So I go away for ten days and return to discover that Radiohead are back, dropping new album A Moon Shaped Pool online with little advance warning, as has become their standard practice these days.
I haven't heard the album yet (it's set to be the featured album on Episode 5 of the Sounding Bored podcast), but the pedant in me is already irritated by the lack of a hyphen in the title... Lead track 'Burn The Witch' has certainly grown on me, though, with its superb Camberwick-Green-meets-Wicker-Man video, unsettling strings and classically obscure yet ominous Yorkist lyrics about "a low-flying panic attack" and "red crosses on wooden doors".

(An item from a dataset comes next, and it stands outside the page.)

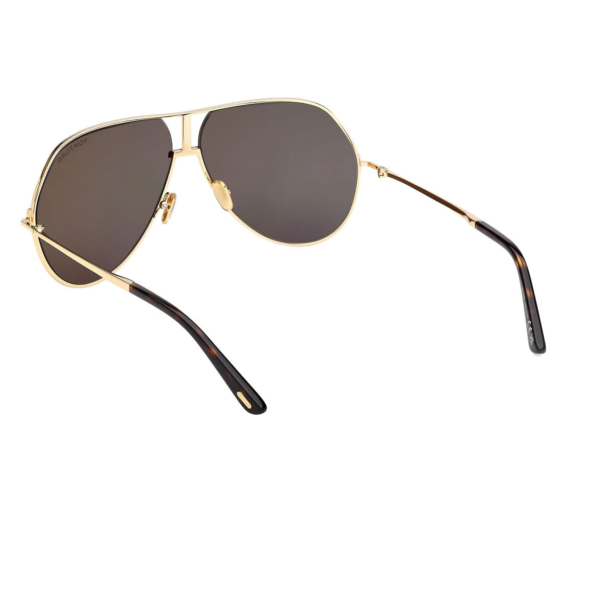 Die goldfarbenen Gläser runden den Look mit einem auffälligen Spiegeleffekt ab und bieten gleichzeitig UV-Schutz und klare Sicht. Das schlanke und dennoch raffinierte Design wird durch das markante „T“-Logo an den Bügeln verziert, ein unverwechselbares Markenzeichen von Tom Ford .
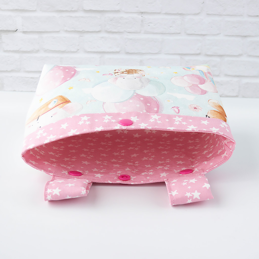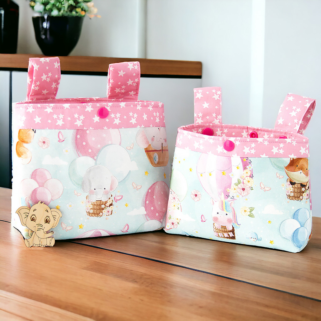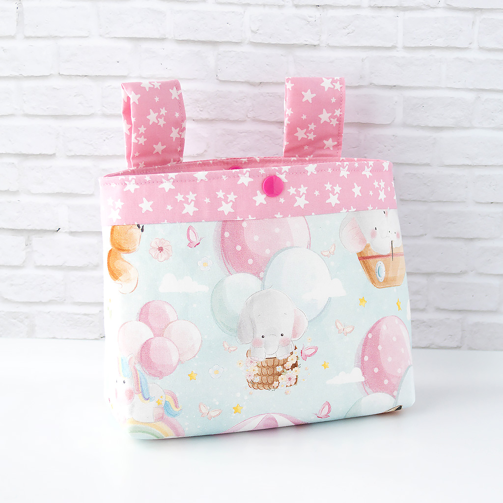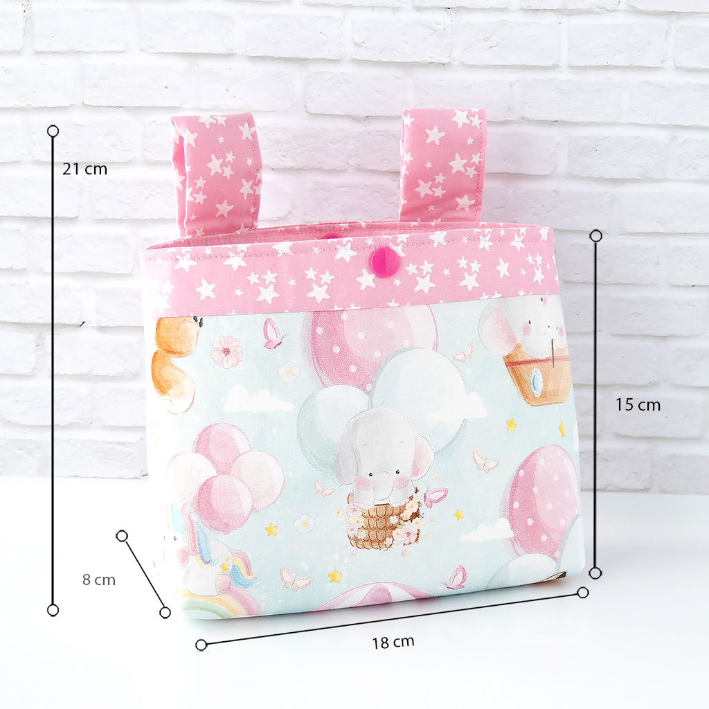 Fröhliche Farben für kleine Entdecker: Diese stabile Lenkertasche aus Baumwolle mit bunten Ballontieren begleitet Ihr Kind auf jeder Fahrt. Geräumig, formstabil und verstellbar – passend für Laufrad, Roller, Fahrrad oder sogar am Bettgitter.

While the exact target and subject matter for the song might be unclear (authoritarianism, the European migrant crisis and mass online surveillance have all been proposed), those lyrics do suggest a return to the politically engaged Radiohead of the pre- and post-millennium period. That period is the focus for a Pitchfork article by Alex Niven, in which he ventures that 'Burn The Witch' is "an interventionist revival of sorts".
The band's left-of-centre politics and consistent anti-capitalist critique sits a little uncomfortably with their adoption of corporate models when it comes to managing their business affairs - but, then again, maybe that's just sensible in allowing them the financial security to be able to remain focused on the creative side of things, as the Guardian's Alex Marshall has suggested.
Meanwhile, the release of A Moon Shaped Pool has prompted Vulture's Marc Hogan to rank every single Radiohead recorded song. The result - inevitably headed "I Might Be Wrong" - is recommended to anyone who's a fan of the band, of lists and of quibbling with other people's assessments. 'Exit Music (For A Film)' at #20?! Pah.